Otro país reemergente en términos geopolíticos —aunque en su caso no lo sea en términos económicos— es Rusia. El pasado mes de marzo se celebraron elecciones presidenciales en ese país, en las que Vladimir Putin, como cabía esperar, se impuso sin mayores dificultades. Con una economía estancada, fruto de su excesiva dependencia de los hidrocarburos, Putin gusta de jugar la carta de la política exterior para apuntalar su popularidad doméstica. El episodio del envenenamiento de Sergei y Yulia Skripal en el Reino Unido consiguió lo propio justo antes de las elecciones, y la reciente escalada de tensiones con Ucrania en el Mar de Azov podría estar persiguiendo este mismo objetivo, entre otros.
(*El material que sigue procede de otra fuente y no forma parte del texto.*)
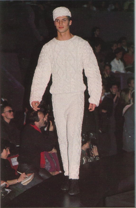 1985年パリのデザイナー、ジャンポール・ゴルチェはセーター、スラックス、帽子、すべて白のアランニットというコレクションを発表しました。こんな注釈が付けられています。「溺れ死んでもすぐに身元の分かるスタイル」。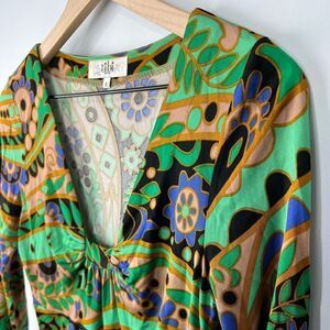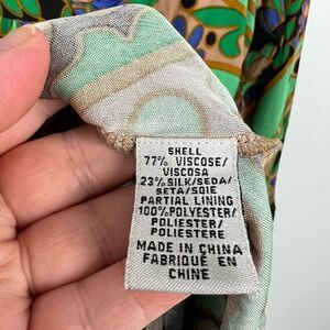 Pre-owned, good condition. Green/purple/black/gold/brown patter dress. Silk blend. V neckline and 3/4 sleeves. Pit to pit= 18”, shoulder to hem= 38”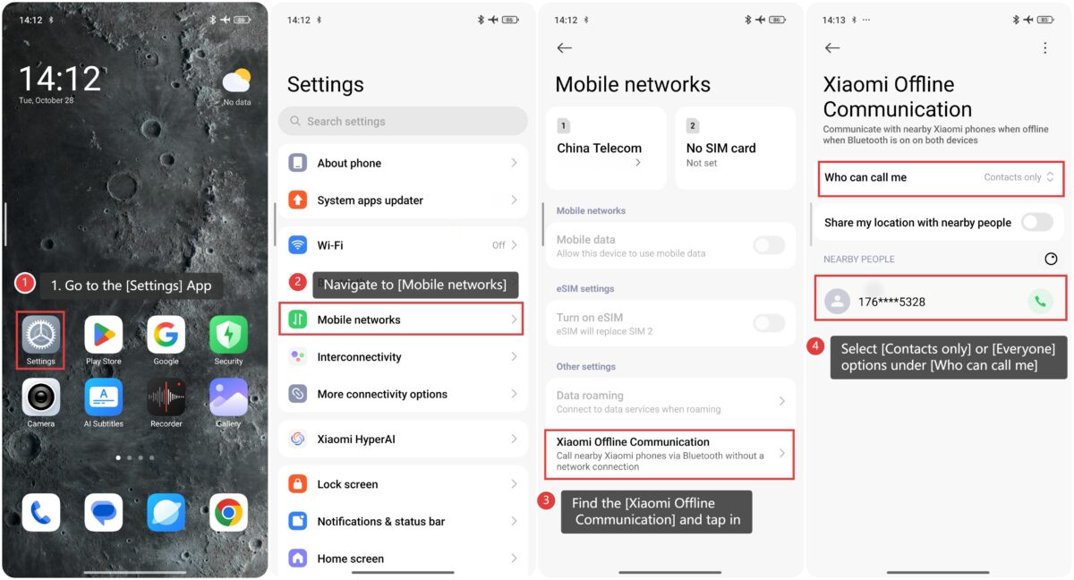 基地局やインターネットを経由せず、対応するXiaomi端末同士を直接接続することで、通信圏外でも音声通話が可能になります。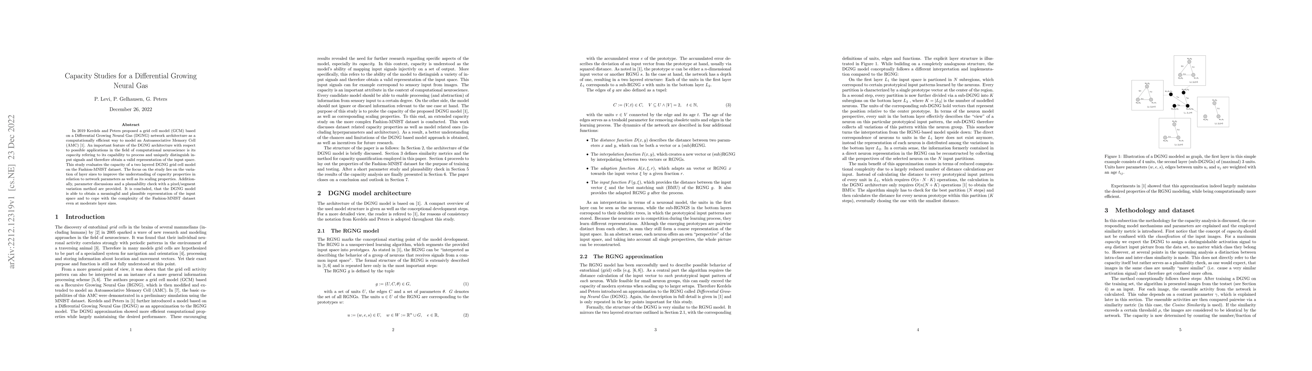 In 2019 Kerdels and Peters proposed a grid cell model (GCM) based on a Differential Growing Neural Gas (DGNG) network architecture as a computationally efficient way to model an Autoassociative Memory Cell (AMC) \cite{Kerdels_Peters_2019}. An important feature of the DGNG architecture with respect to possible applications in the field of computational neuroscience is its \textit{capacity} refering to its capability to process and uniquely distinguish input signals and therefore obtain a valid representation of the input space. This study evaluates the capacity of a two layered DGNG grid cell model on the Fashion-MNIST dataset. The focus on the study lies on the variation of layer sizes to improve the understanding of capacity properties in relation to network parameters as well as its scaling properties. Additionally, parameter discussions and a plausability check with a pixel/segment variation method are provided. It is concluded, that the DGNG model is able to obtain a meaningful and plausible representation of the input space and to cope with the complexity of the Fashion-MNIST dataset even at moderate layer sizes.

En un escenario de exacerbado militarismo ruso, si Estados Unidos y Rusia desecharan el Tratado de Eliminación de Misiles de Corto y Medio Alcance (Tratado INF) nos hallaríamos ante una complicación añadida, que afectaría muy especialmente a Europa.
Mientras tanto, Oriente Próximo sigue siendo el principal foco de conflictos en el mundo. Si bien se ha confirmado durante este año el retroceso territorial del Estado Islámico (que no su derrota, pese a lo que asegure Trump), la guerra en Siria sigue cobrándose víctimas sin pausa. Tampoco ha menguado la tragedia humanitaria provocada por el conflicto yemení, aunque recientemente se han reanudado las negociaciones que habían encallado en 2016, produciéndose algunos avances significativos. En Afganistán, Estados Unidos sigue inmerso en la que suele considerarse como la guerra más larga de su historia, y se estima que el porcentaje de distritos controlados actualmente por los talibanes es el mayor desde que fueron derrocados en 2001.
Más allá de los últimos movimientos en estos tres conflictos, los fundamentos de la estrategia de la Administración Trump en Oriente Próximo han permanecido intactos a lo largo de 2018.